Data:

************

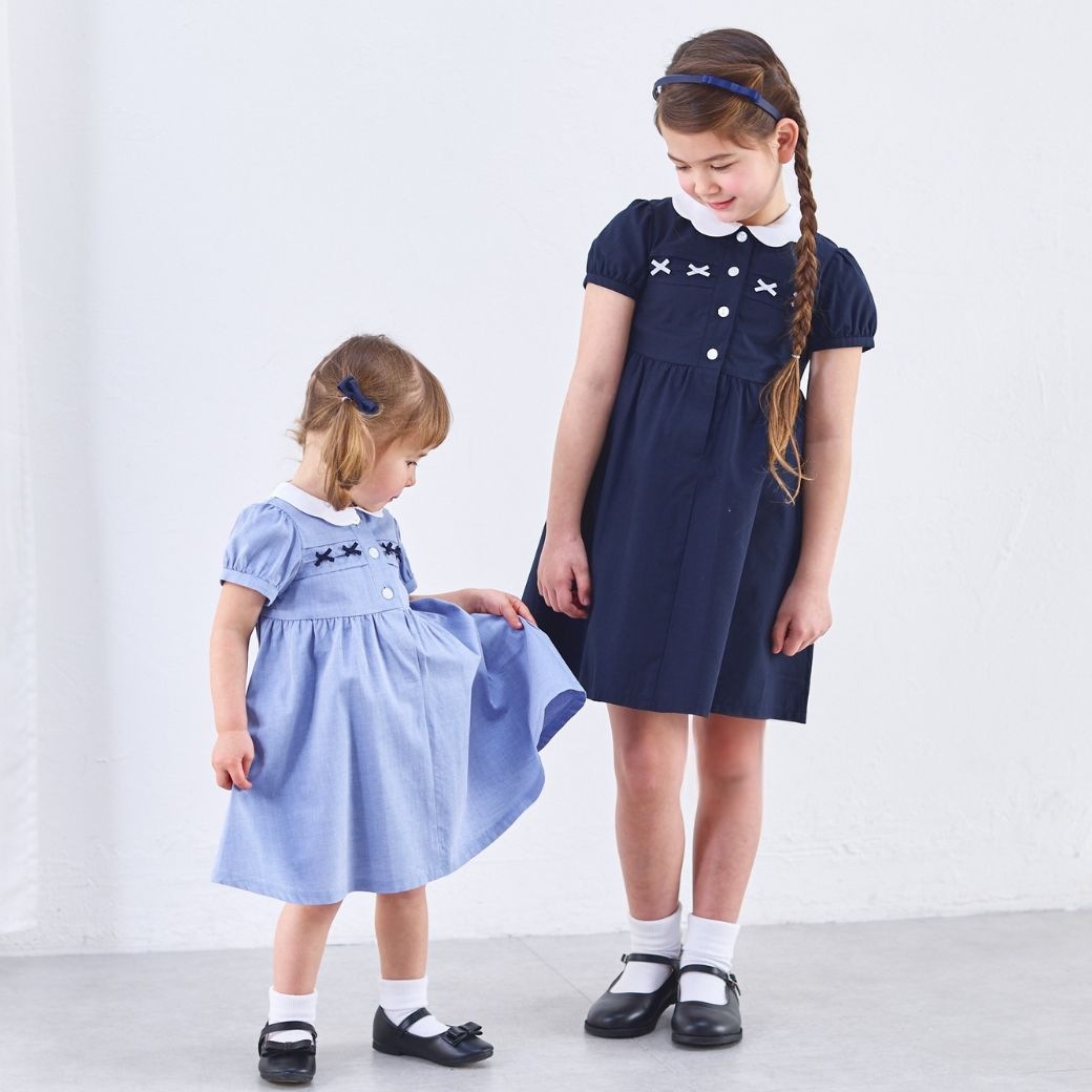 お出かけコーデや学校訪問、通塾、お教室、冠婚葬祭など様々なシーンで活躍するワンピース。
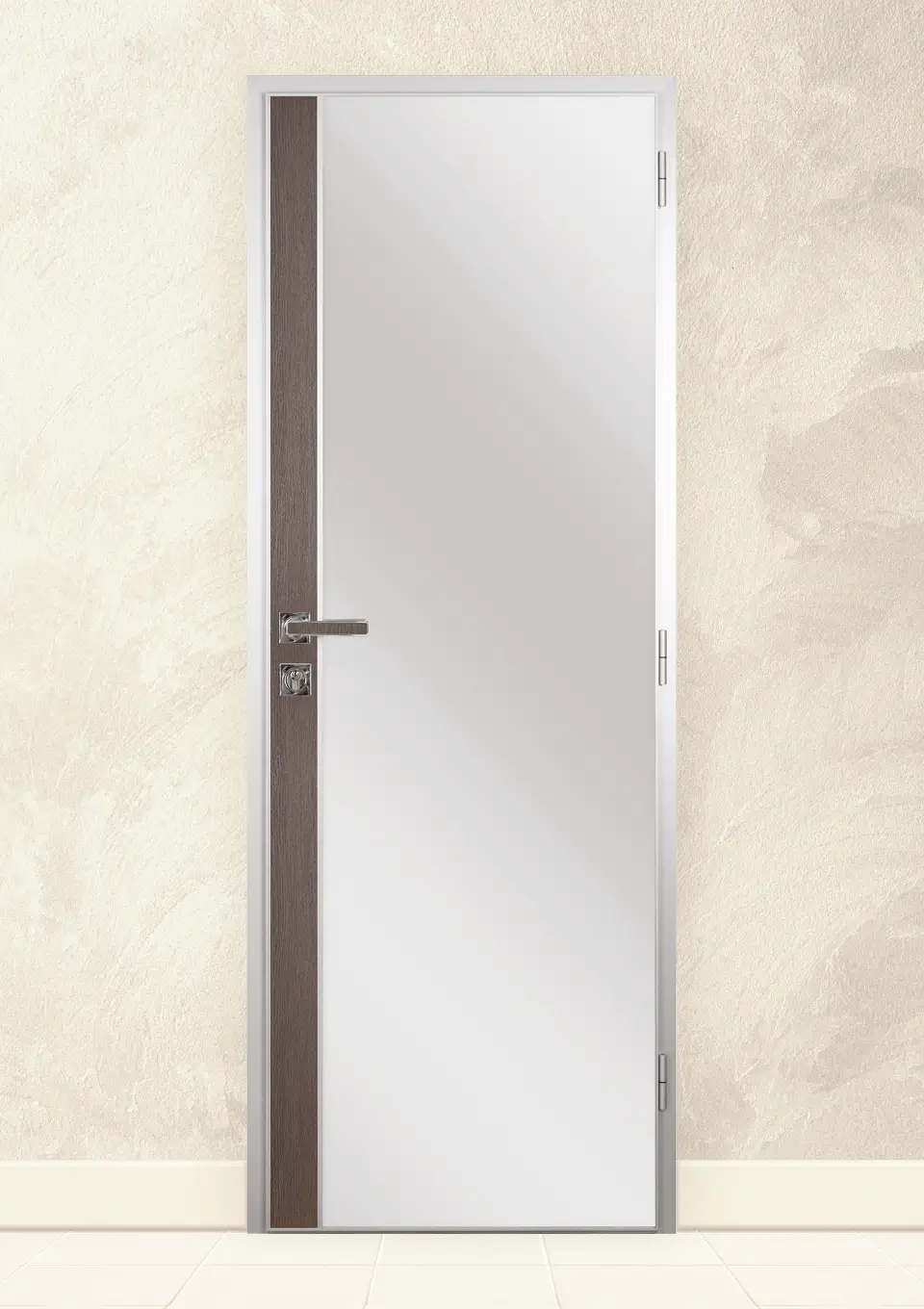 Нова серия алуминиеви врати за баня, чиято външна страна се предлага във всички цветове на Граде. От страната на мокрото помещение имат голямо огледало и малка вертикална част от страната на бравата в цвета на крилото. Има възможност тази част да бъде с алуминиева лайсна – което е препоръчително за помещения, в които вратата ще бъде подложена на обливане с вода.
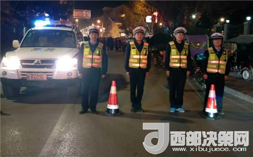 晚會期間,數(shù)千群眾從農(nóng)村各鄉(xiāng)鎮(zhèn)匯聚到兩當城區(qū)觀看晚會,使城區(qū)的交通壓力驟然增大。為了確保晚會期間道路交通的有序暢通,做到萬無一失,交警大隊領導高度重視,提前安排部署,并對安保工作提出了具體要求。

************

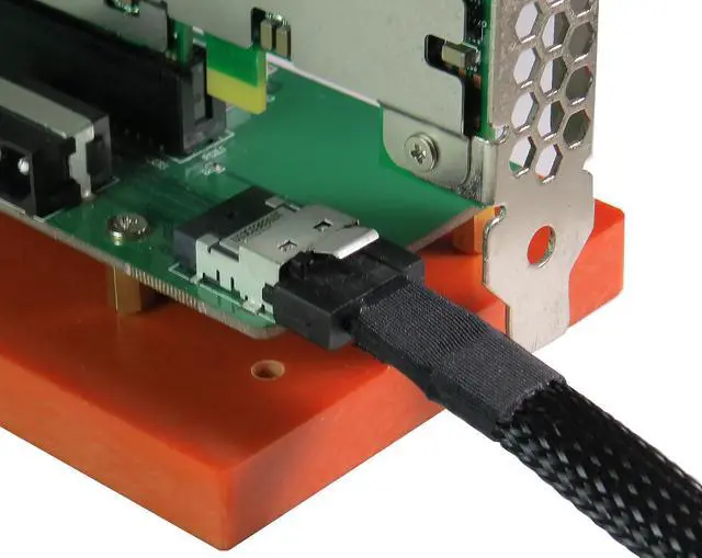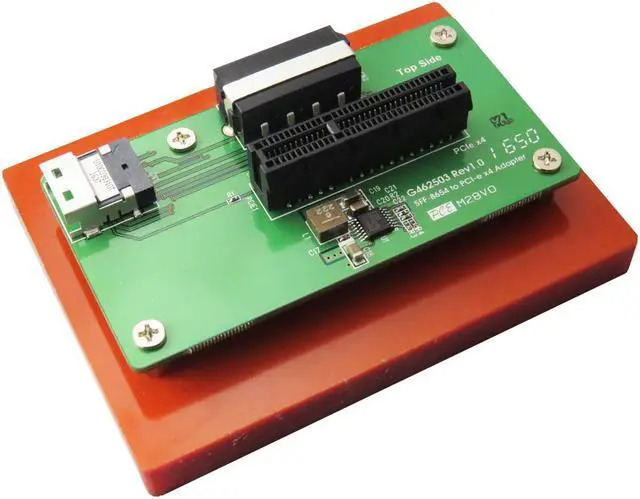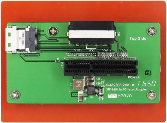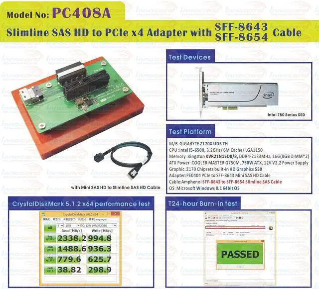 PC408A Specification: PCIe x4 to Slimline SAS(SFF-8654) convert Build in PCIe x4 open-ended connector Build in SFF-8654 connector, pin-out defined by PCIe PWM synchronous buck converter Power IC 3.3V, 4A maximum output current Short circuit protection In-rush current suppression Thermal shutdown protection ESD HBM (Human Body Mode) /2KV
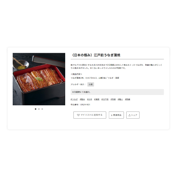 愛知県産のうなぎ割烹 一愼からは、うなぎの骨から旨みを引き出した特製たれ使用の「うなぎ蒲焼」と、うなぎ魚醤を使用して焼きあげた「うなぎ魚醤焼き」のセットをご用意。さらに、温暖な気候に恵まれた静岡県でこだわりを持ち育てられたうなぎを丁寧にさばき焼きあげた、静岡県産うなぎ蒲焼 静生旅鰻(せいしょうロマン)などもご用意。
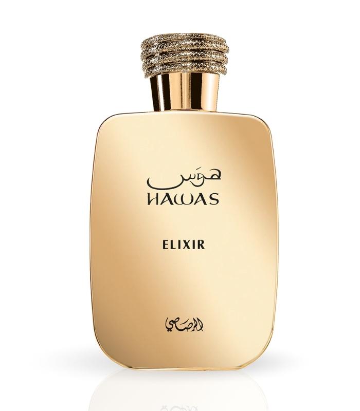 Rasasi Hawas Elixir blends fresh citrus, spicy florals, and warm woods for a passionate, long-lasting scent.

************

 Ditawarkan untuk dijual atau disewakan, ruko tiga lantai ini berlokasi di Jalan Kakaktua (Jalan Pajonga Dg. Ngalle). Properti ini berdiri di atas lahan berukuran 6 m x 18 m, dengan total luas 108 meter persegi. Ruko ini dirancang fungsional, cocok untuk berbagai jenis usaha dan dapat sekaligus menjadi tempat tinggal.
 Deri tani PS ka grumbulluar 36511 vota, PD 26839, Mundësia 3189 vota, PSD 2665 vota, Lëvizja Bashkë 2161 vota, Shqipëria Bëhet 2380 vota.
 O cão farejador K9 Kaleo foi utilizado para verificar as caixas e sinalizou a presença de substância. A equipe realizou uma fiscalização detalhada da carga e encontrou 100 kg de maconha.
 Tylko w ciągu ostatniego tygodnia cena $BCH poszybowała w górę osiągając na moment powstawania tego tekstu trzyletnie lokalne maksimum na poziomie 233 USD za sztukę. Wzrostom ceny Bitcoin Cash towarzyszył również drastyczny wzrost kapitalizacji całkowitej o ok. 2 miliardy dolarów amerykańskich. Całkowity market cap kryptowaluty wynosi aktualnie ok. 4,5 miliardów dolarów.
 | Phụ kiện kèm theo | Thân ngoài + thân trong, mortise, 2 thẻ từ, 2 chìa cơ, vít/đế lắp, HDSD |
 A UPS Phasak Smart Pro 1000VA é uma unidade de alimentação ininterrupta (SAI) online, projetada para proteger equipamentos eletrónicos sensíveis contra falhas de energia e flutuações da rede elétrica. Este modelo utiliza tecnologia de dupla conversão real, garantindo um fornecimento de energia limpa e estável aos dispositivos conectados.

************

Print exactly, with no pictures, the lines above from the one that holds "PC408A Specification: PCIe" through the one that holds "Rasasi Hawas Elixir", both of them included.

Exercise solution:
 PC408A Specification: PCIe x4 to Slimline SAS(SFF-8654) convert Build in PCIe x4 open-ended connector Build in SFF-8654 connector, pin-out defined by PCIe PWM synchronous buck converter Power IC 3.3V, 4A maximum output current Short circuit protection In-rush current suppression Thermal shutdown protection ESD HBM (Human Body Mode) /2KV
 愛知県産のうなぎ割烹 一愼からは、うなぎの骨から旨みを引き出した特製たれ使用の「うなぎ蒲焼」と、うなぎ魚醤を使用して焼きあげた「うなぎ魚醤焼き」のセットをご用意。さらに、温暖な気候に恵まれた静岡県でこだわりを持ち育てられたうなぎを丁寧にさばき焼きあげた、静岡県産うなぎ蒲焼 静生旅鰻(せいしょうロマン)などもご用意。
 Rasasi Hawas Elixir blends fresh citrus, spicy florals, and warm woods for a passionate, long-lasting scent.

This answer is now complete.